This is **the most critical part** of instruction fine-tuning.

When training on a conversation like:
> **User:** Summarize this.\n **Assistant:** Here is the summary.

We do **NOT** want the model to learn how to write the user's prompt. We only want it to learn the assistant's response.

### How we do it:
1.  **Tokenize** the full conversation.
2.  **Create Labels**: A copy of the input IDs.
3.  **Masking**: We set the label ID to `-100` for all tokens belonging to the **User Prompt**.
4.  **PyTorch behavior**: The CrossEntropyLoss function in PyTorch automatically ignores any index set to `-100`. Therefore, loss is only calculated on the Assistant's response.

In [None]:
def build_user_prompt(dialogue: str, task_instruction: str) -> str:
    """Formats the input into a standard prompt."""
    return f"{task_instruction}\n\n## Dialogue:\n{dialogue}\n## Summary:"

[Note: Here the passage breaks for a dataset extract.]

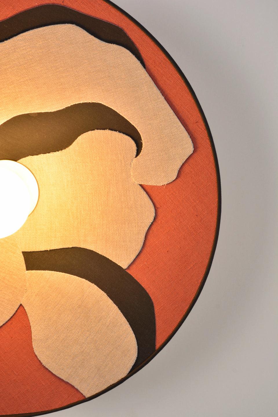 Sconce Sonia Laudet in a carmine shade looks as an elegant decorative element, which is conical wall lamp Made of two types of high quality fabrics. These fabrics harmonize with each other, creating a unique pattern that generates a delicate light, adding a unique character to the interior.

def build_messages_for_sample(sample, task_instruction, include_assistant=False):
    """Creates the list of messages dictionary required by chat templates."""
    messages = [
        {
            "role": "user",
            "content": build_user_prompt(sample["dialogue"], task_instruction),
        }
    ]
    if include_assistant:
        messages.append({"role": "assistant", "content": sample["summary"]})
    return messages

def preprocess_samples(examples, tokenizer, task_instruction, max_length):
    """
    Tokenizes data and applies Assistant-Only Masking.
    """
    input_ids_list, labels_list, attn_masks = [], [], []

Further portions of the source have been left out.